╭─ MATERIAL PROVIDED

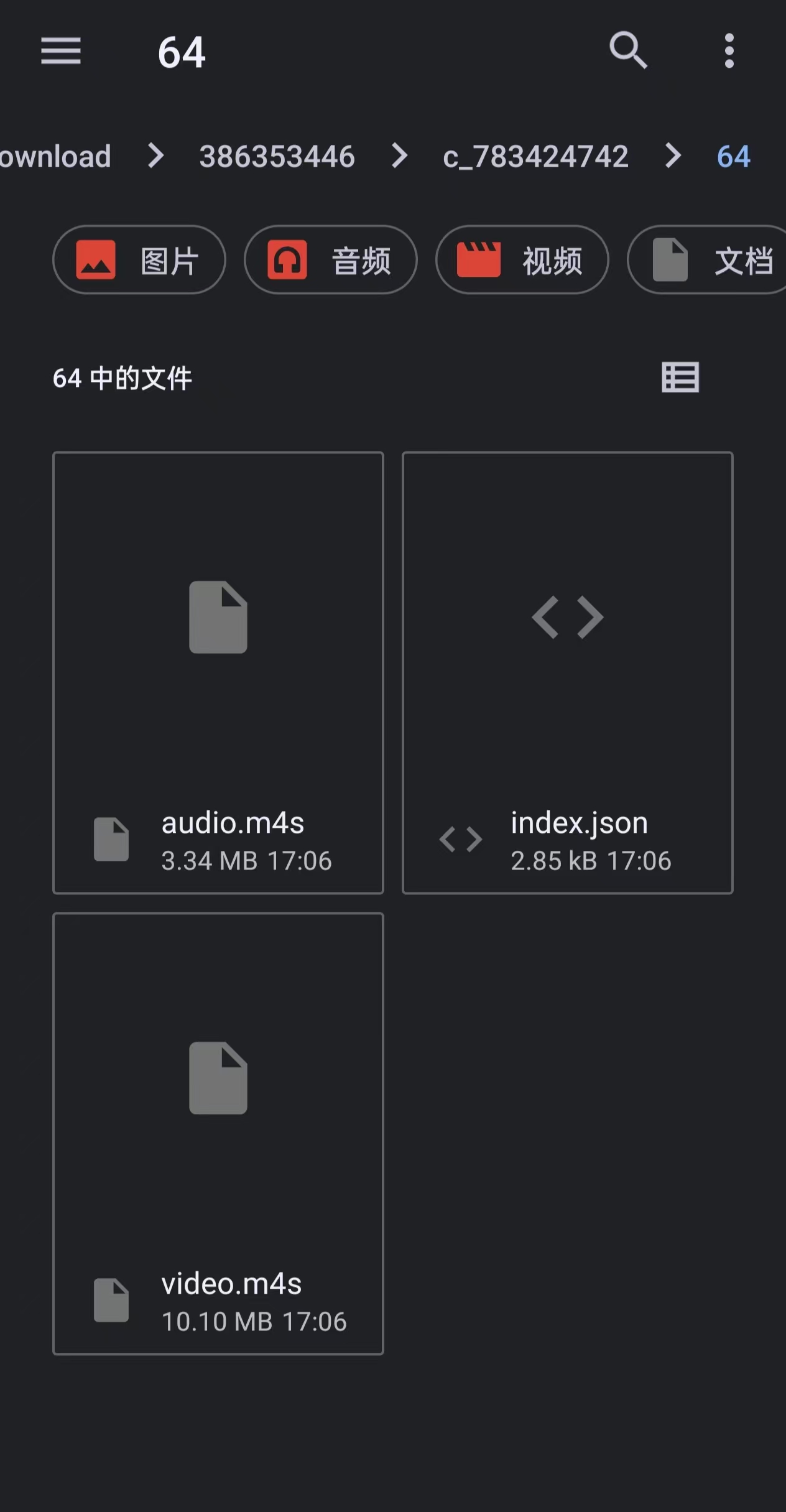 b站视频缓存文件夹命名方式为一串随机数字,进入后点击“64”文件夹,.m4s文件就是源视频的文件,其中audio.m4s为音频文件,video.m4s为视频文件。重命名音频文件后缀为.mp3/mp4。
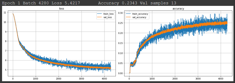 Training history for a basic 2 layer attention-only decoder with each decoder layer having 12 attention heads and an mlp layer.
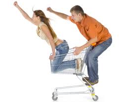 Step 9) Happy couple buys GROCERIES!  What fun!!!  (And what a great place for making out.)

╰─

**PROBLEM STATEMENT**
What you give back should be the full material above, retyped exactly, with every image removed.

**EXERCISE RESPONSE**
 b站视频缓存文件夹命名方式为一串随机数字,进入后点击“64”文件夹,.m4s文件就是源视频的文件,其中audio.m4s为音频文件,video.m4s为视频文件。重命名音频文件后缀为.mp3/mp4。
 Training history for a basic 2 layer attention-only decoder with each decoder layer having 12 attention heads and an mlp layer.
 Step 9) Happy couple buys GROCERIES!  What fun!!!  (And what a great place for making out.)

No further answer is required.